• Required work: The entries shown here must be retyped in full, with no pictures included.

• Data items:
=== Section Start ===
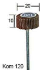
NO 28 984
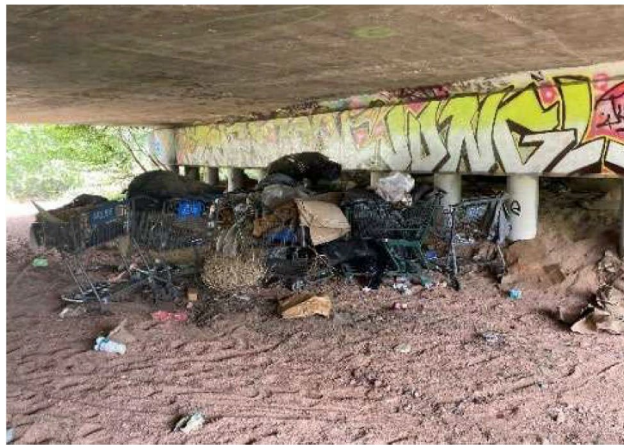
Park Ranger Cleanup Before, 3/04/2024
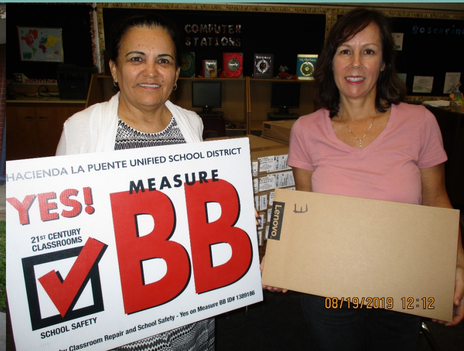
Sierra Vista 9/19/19 Teacher Laptop Delivery
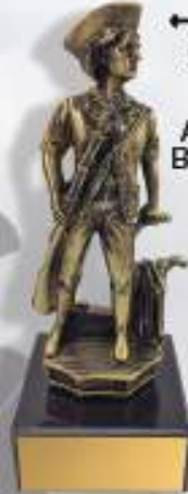
TR7991G 8 1/2" Minuteman Trophy in Electroplated Antique Brass on Black Marble Base
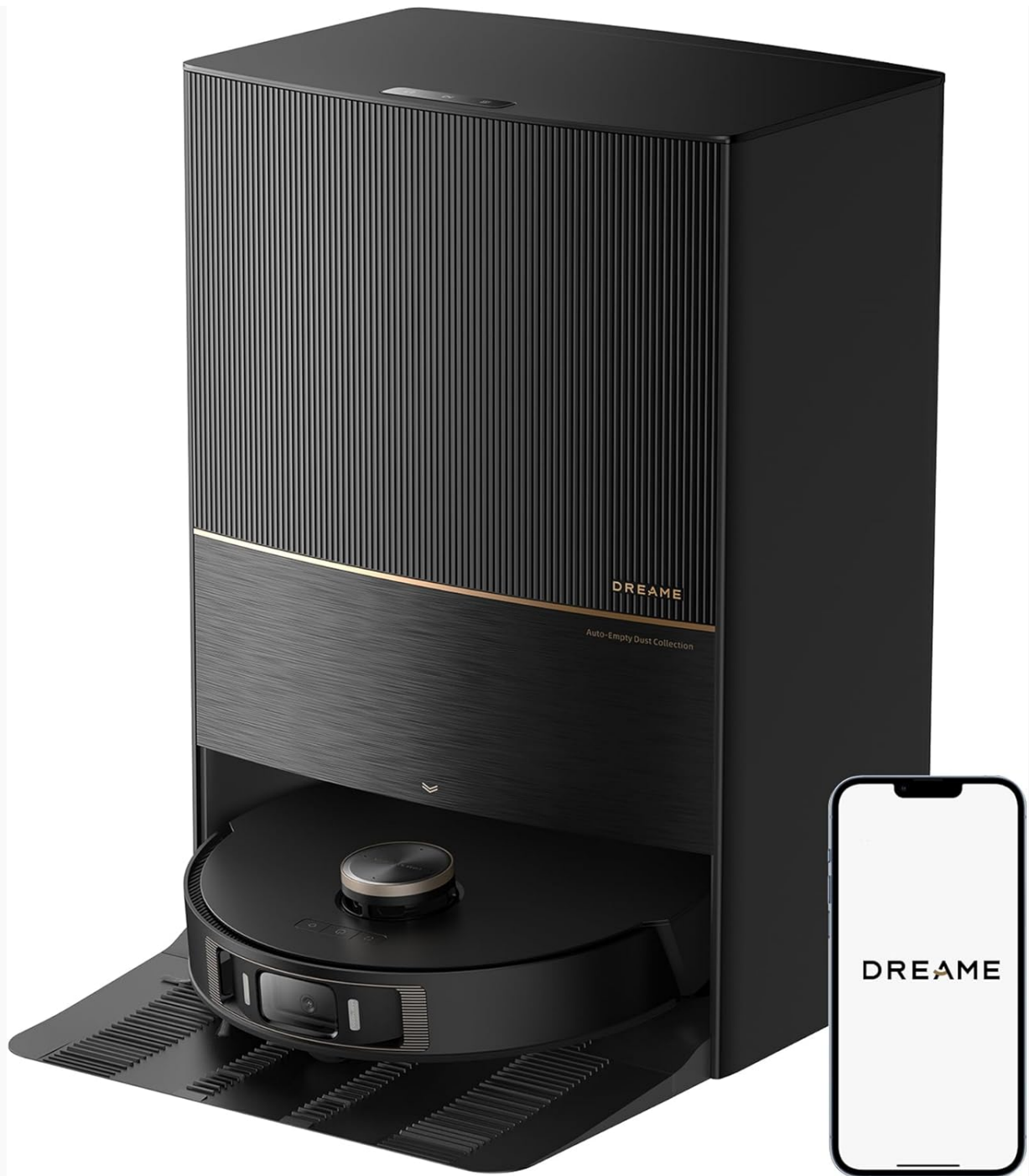
Figure 1: DREAME L20 Ultra Robot Vacuum and Mop with its automatic base station.
=== Section End ===
• Task solution:
NO 28 984
Park Ranger Cleanup Before, 3/04/2024
Sierra Vista 9/19/19 Teacher Laptop Delivery
TR7991G 8 1/2" Minuteman Trophy in Electroplated Antique Brass on Black Marble Base
Figure 1: DREAME L20 Ultra Robot Vacuum and Mop with its automatic base station.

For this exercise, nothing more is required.